The final result objects contain finished trial metadata:
Result(metrics={'score': 'model_0', 'other_data': Ellipsis, 'done': True, 'trial_id': '8d627_00000', 'experiment_tag': '0_model_id=model_0'}, error=None, log_dir=PosixPath('/home/ubuntu/ray_results/train_model_2022-09-21_10-19-26/train_model_8d627_00000_0_model_id=model_0_2022-09-21_10-19-30'))
Result(metrics={'score': 'model_1', 'other_data': Ellipsis, 'done': True, 'trial_id': '8d627_00001', 'experiment_tag': '1_model_id=model_1'}, error=None, log_dir=PosixPath('/home/ubuntu/ray_results/train_model_2022-09-21_10-19-26/train_model_8d627_00001_1_model_id=model_1_2022-09-21_10-19-31'))
Result(metrics={'score': 'model_2', 'other_data': Ellipsis, 'done': True, 'trial_id': '8d627_00002', 'experiment_tag': '2_model_id=model_2'}, error=None, log_dir=PosixPath('/home/ubuntu/ray_results/train_model_2022-09-21_10-19-26/train_model_8d627_00002_2_model_id=model_2_2022-09-21_10-19-31'))
How does Tune compare to using Ray Core (ray.remote
)?#
You might be wondering how Tune differs from simply using Tasks for parallel trial execution. Indeed, the above example could be re-written similarly as:
remote_train = ray.remote(train_model)
futures = [remote_train.remote({"model_id": i}) for i in range(NUM_MODELS)]

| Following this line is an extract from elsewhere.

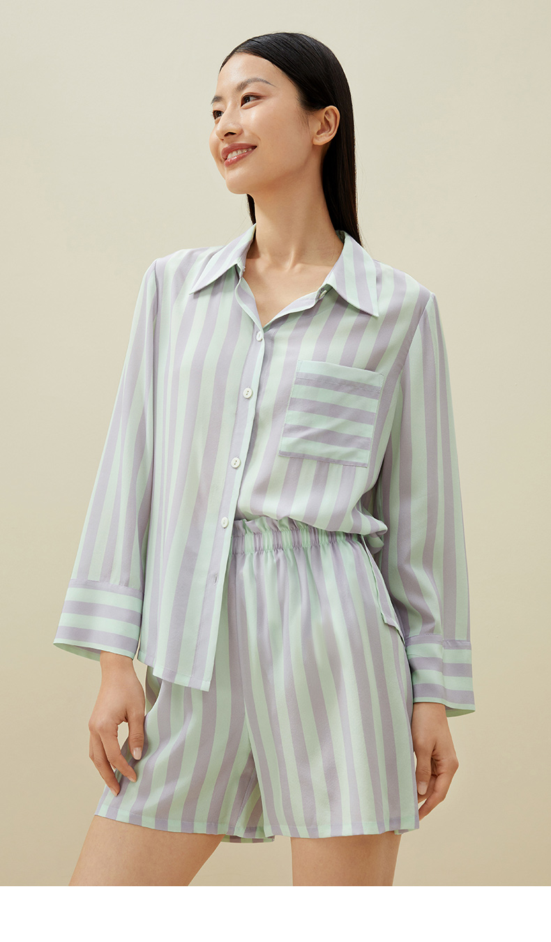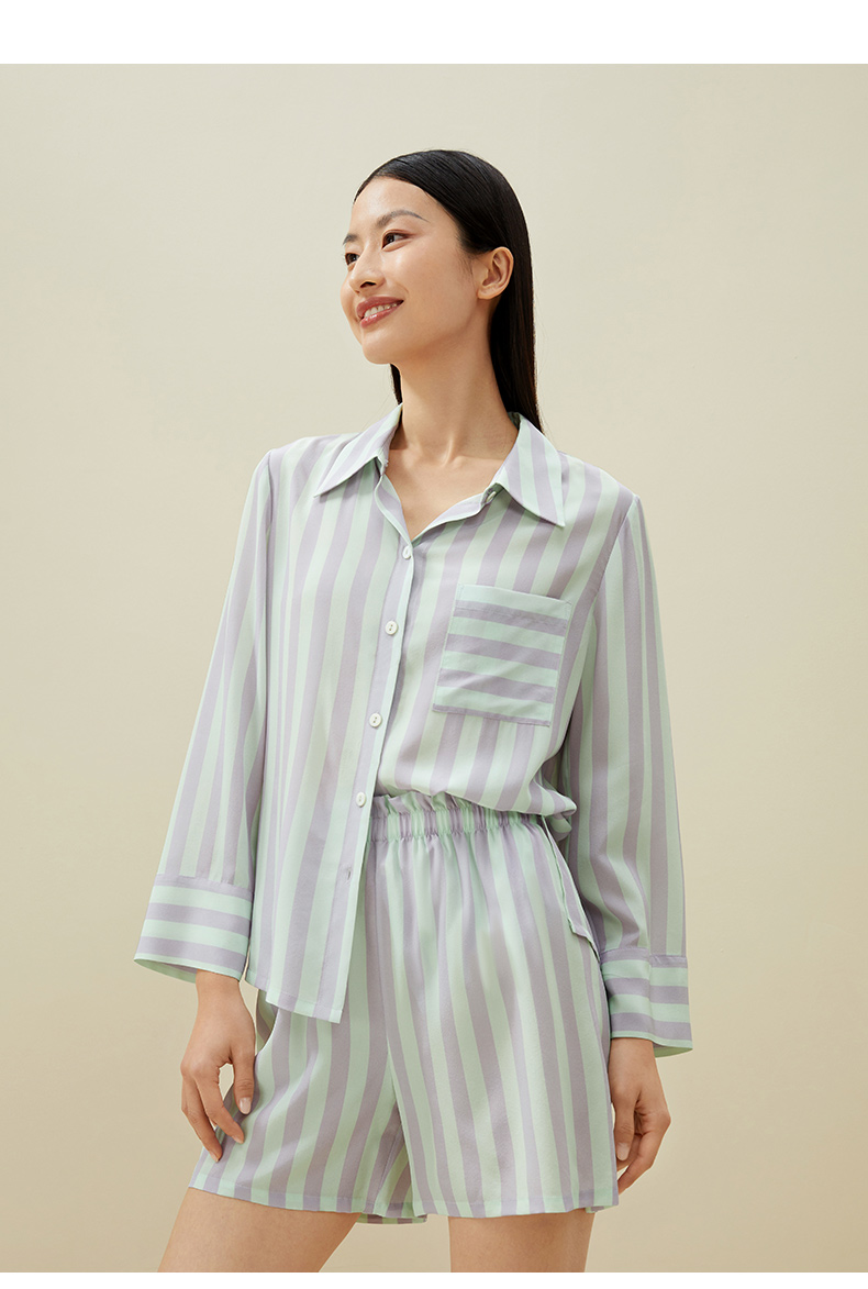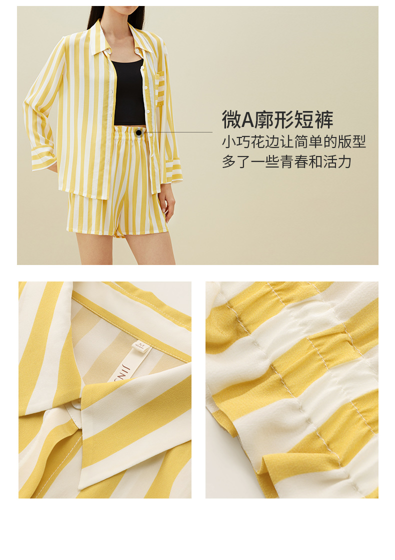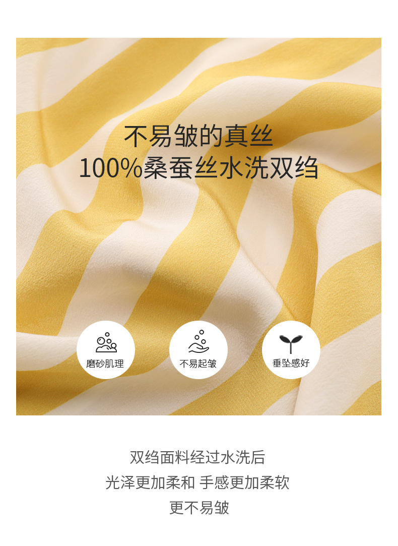 【不易皱真丝】100%桑蚕丝时尚竖条纹可外穿家居服真丝睡衣套装女金三塔 YSFDB201

print("Submitting tasks...")
results = ray.get(futures)
print("Trial results", results)
Compared to using Ray tasks, Tune offers the following additional functionality:
Status reporting and tracking, including integrations and callbacks to common monitoring tools.
Checkpointing of trials for fine-grained fault-tolerance.
Gang scheduling of multi-worker trials.
In short, consider using Tune if you need status tracking or support for more advanced ML workloads.